Jakarta, MNEWS.co.id – Disparitas antara inklusi keuangan dan literasi keuangan memerlukan perhatian serta mitigasi khusus. Berdasarkan Survei Nasional Literasi Keuangan yang diadakan Otoritas Jasa Keuangan (OJK) pada 2019 menunjukkan bahwa indeks inklusi keuangan sebesar 76,19% sementara indeks literasi keuangan ada di angka 38,03%. Dari data tersebut terlihat bahwa akses untuk menjangkau layanan keuangan tidak diiringi dengan adanya literasi atau pengetahuan akan keuangan.
Kurangnya kompetensi literasi keuangan merupakan isu nasional yang perlu dijembatani, terutama bagi mereka yang berada di taraf prasejahtera. Survei OJK 2019 lalu juga menunjukkan indeks literasi keuangan di perkotaan kurang dari 50% yaitu hanya 41,41% sementara masyarakat pedesaan berada pada angka 34,53% saja. Data lain turut menampilkan bahwa perempuan memiliki indeks literasi keuangan yang rendah dibanding laki-laki, yaitu 36,13%.
Rendahnya tingkat literasi keuangan menjadi persoalan penting karena dapat berdampak buruk bagi kehidupan individu hingga negara. Seseorang yang minim pengetahuan akan keuangan cenderung mudah terjebak dalam praktik penipuan seperti terjerat investasi bodong. Ia juga tidak mengetahui bagaimana mengatur keuangan yang baik sehingga berpotensi memperdalam lubang hutang dan justru semakin miskin.
Andi Taufan Garuda Putra, CEO dan Founder Amartha mengatakan, sejak bertransformasi menjadi peer to peer (P2P) lending, pihaknya menyadari bahwa Mitra Amartha tidak hanya membutuhkan modal usaha tetapi juga pelatihan pengelolaan usaha dan keuangan agar dapat lebih sejahtera secara finansial.

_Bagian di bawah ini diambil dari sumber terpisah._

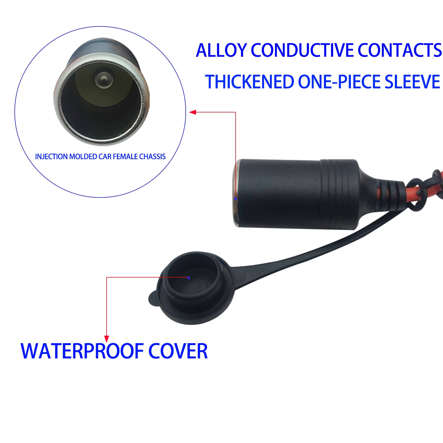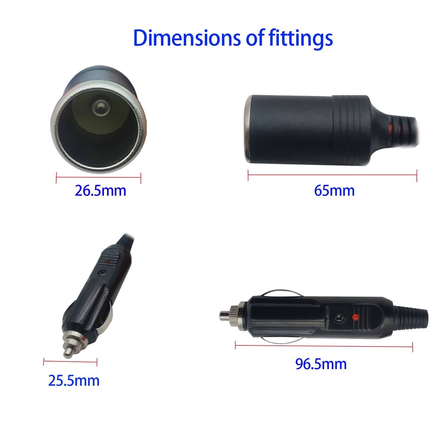 - Heavy-duty car cigarette lighter extension cord: the internal use, American Standard 18AWG 100% pure copper core made of good durability, and high quality conductivity, the external use of high-quality PVC double-layer insulating material made of high temperature resistance, abrasion resistance, resistance to tugging, corrosion prevention double-layer insulating material, and the outer part is made of high quality PVC double-layer insulating material.
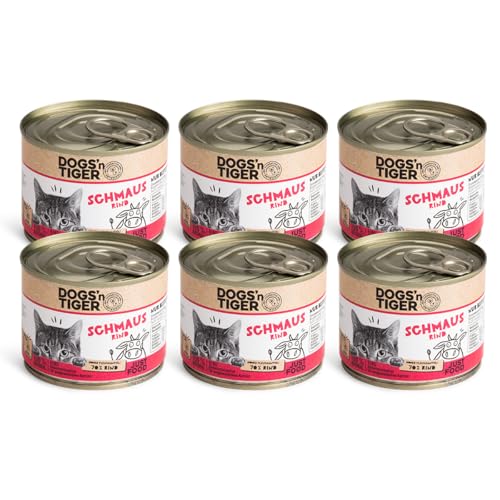 Dogs'n Tiger Adult Lot de 6 boîtes de pâtée pour Chats, pâtée pour Chats, Recette adaptée aux Animaux avec 70% de Viande de bœuf – sans Sucre, céréales et arômes artificiels
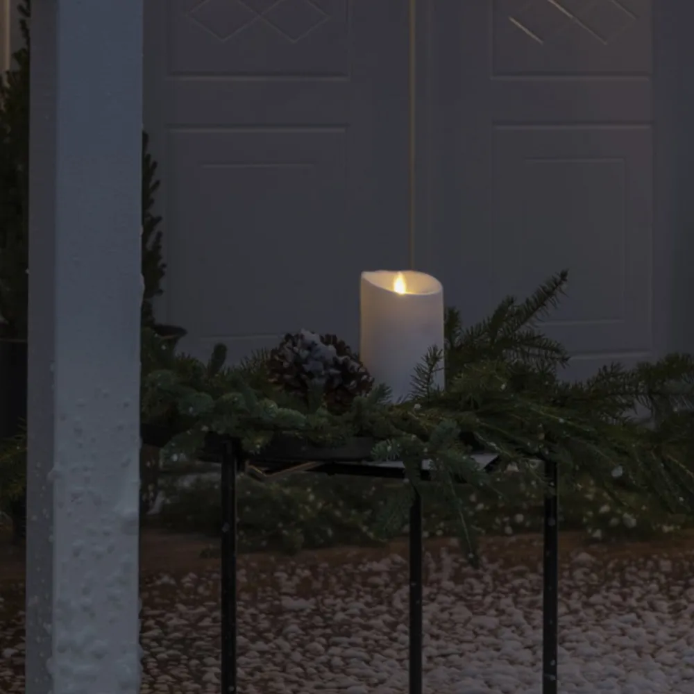 LED dekorativt stearinlys IP44 cremehvid smeltet 18,4 cm
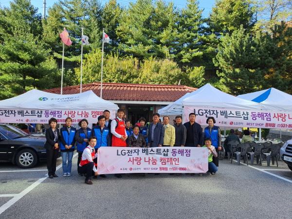 이번 나눔은 LG전자베스트샵 동해천곡점에서 150만원 상당의 점심식사와 사은품을 제공하고 LH주공5차 아파트 사랑의 봉사대의 지원으로 경로당 어르신들께 맛있는 점심을 대접하며 노고를 위로하는 의미 있는 시간을 가졌다.
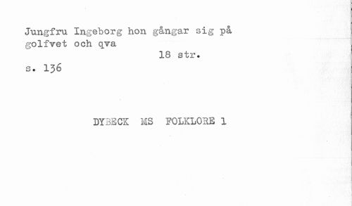 //// Jungfru Ingeborg hon gångar sig på //// golfvet och qva //// 18 str. //// s. 136 //// DYBECK MS FOLKLORE 1 //// * ////
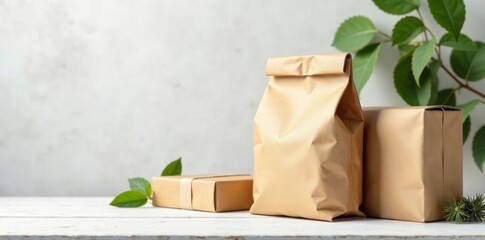 Eco-friendly packaging materials on rustic white backdrop, backdrop, white
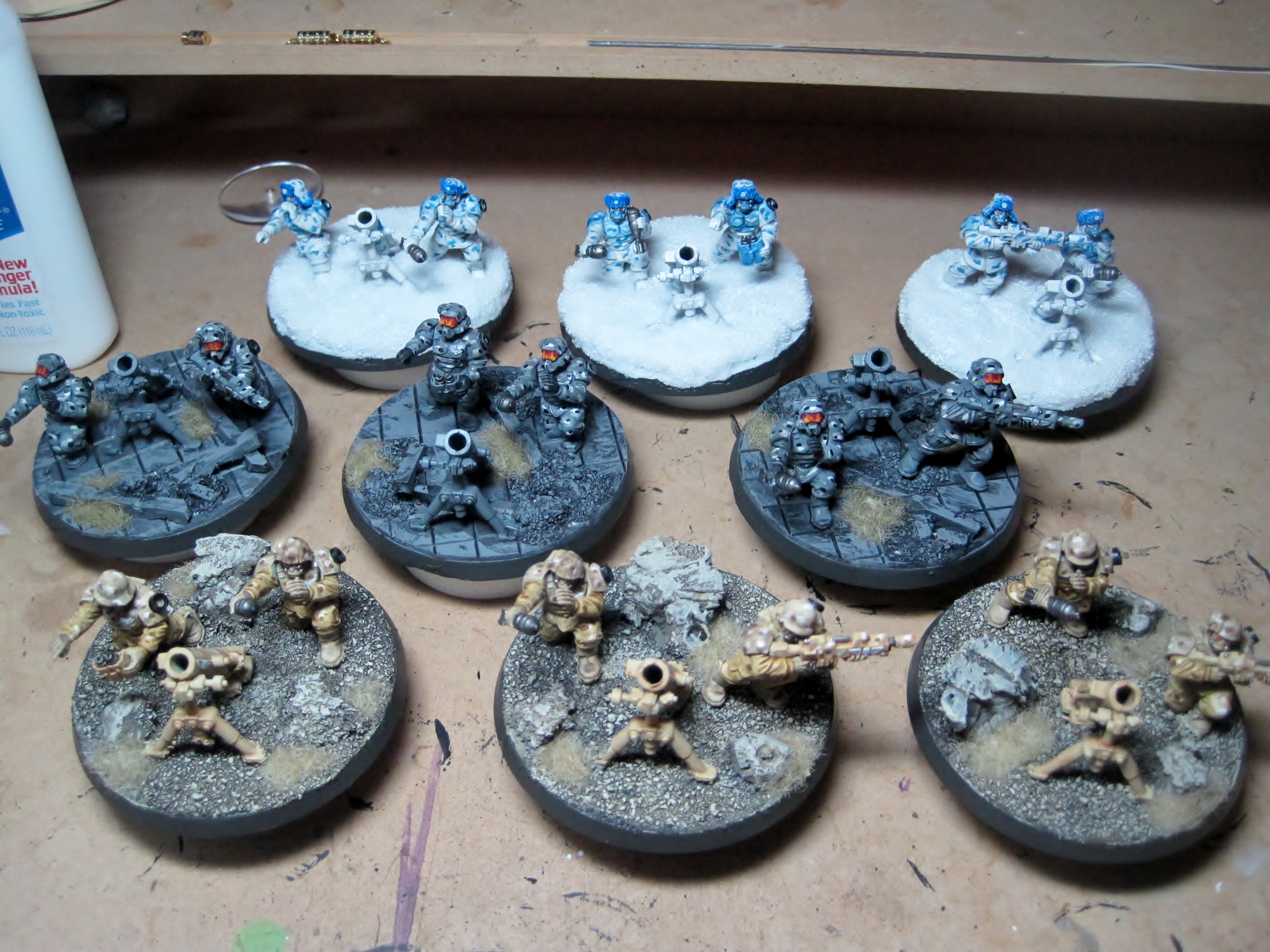 Part of me thinks the seperate camo types look silly, Part of me thinks the seperate base types look really silly, Part of me thinks the Munitorium screwing up would easily explain it, Part of me knows exactly why you did it, part of me thinks why not turn it into 3 seperate armies. All of me thinks this looks great!

Sebagai perusahaan fintech, Amartha tidak hanya fokus memberikan akses permodalan kepada perempuan pengusaha mikro di pedesaan, tetapi juga memberikan pendampingan serta pelatihan keuangan secara rutin. Mitra Amartha yang telah bergabung juga harus mengikuti pelatihan di mana akan dikenalkan mengenai dasar pengelolaan modal usaha dengan bekerja sama dengan sejumlah lembaga internasional.
“Upaya ini diharapkan dapat menjadi salah satu langkah untuk meningkatkan kompetensi literasi keuangan di masyarakat khususnya di desa,” ujar Andi dalam siaran pers yang diterima oleh M-News.
Pelatihan tersebut diinisiasi dari data yang ditemukan Amartha bahwa mayoritas pendidikan yang ditempuh oleh perempuan di pedesaan hanya sampai pada jenjang Sekolah Dasar dengan persentase 52.3%.
Akses terhadap informasi dalam hal ini kepemilikan ponsel juga menjadi hambatan untuk mengadakan pelatihan keuangan. Sebanyak 62.5% mitra Amartha tidak memiliki ponsel yang terhubung dengan internet. Akses informasi hanya didapat dari media konvensional seperti televisi atau orang terdekat seperti keluarga dan kelompok sebaya saja.
Dengan rendahnya tingkat pendidikan dan minimnya akses terhadap informasi, para perempuan mitra Amartha ternyata lebih memilih fintech peer-to-peer (p2p) lending atau fintech pendanaan dibandingkan jasa keuangan formal lainnya.
Sejumlah pertimbangan yang melatarbelakangi keputusan tersebut adalah jarak yang jauh dengan bank, jumlah pinjaman yang dapat diajukan terlalu besar, syarat administrasi yang lebih kompleks, hingga sudah terbiasa dengan transaksi tunai.
“Kami berkomitmen bahwa keberadaan fintech pendanaan tidak hanya meningkatkan inklusi keuangan tetapi yang lebih utama mendorong pertumbuhan ekonomi inklusif (inclusive economy), dengan menjangkau underserved dan unbanked dan memberikan literasi keuangan dan pendampingan usaha untuk tercapainya kesejahteraan yang berkelanjutan,” tambah Andi.
Amartha berkolaborasi dengan berbagai lembaga Internasional seperti Bank Dunia (World Bank), DFAT Australia dan Unilever untuk menciptakan modul literasi keuangan dalam rangka mengedukasi para perempuan di pedesaan mengenai pengelolaan uang di taraf rumah tangga kepada lebih dari 570 ribu mitra.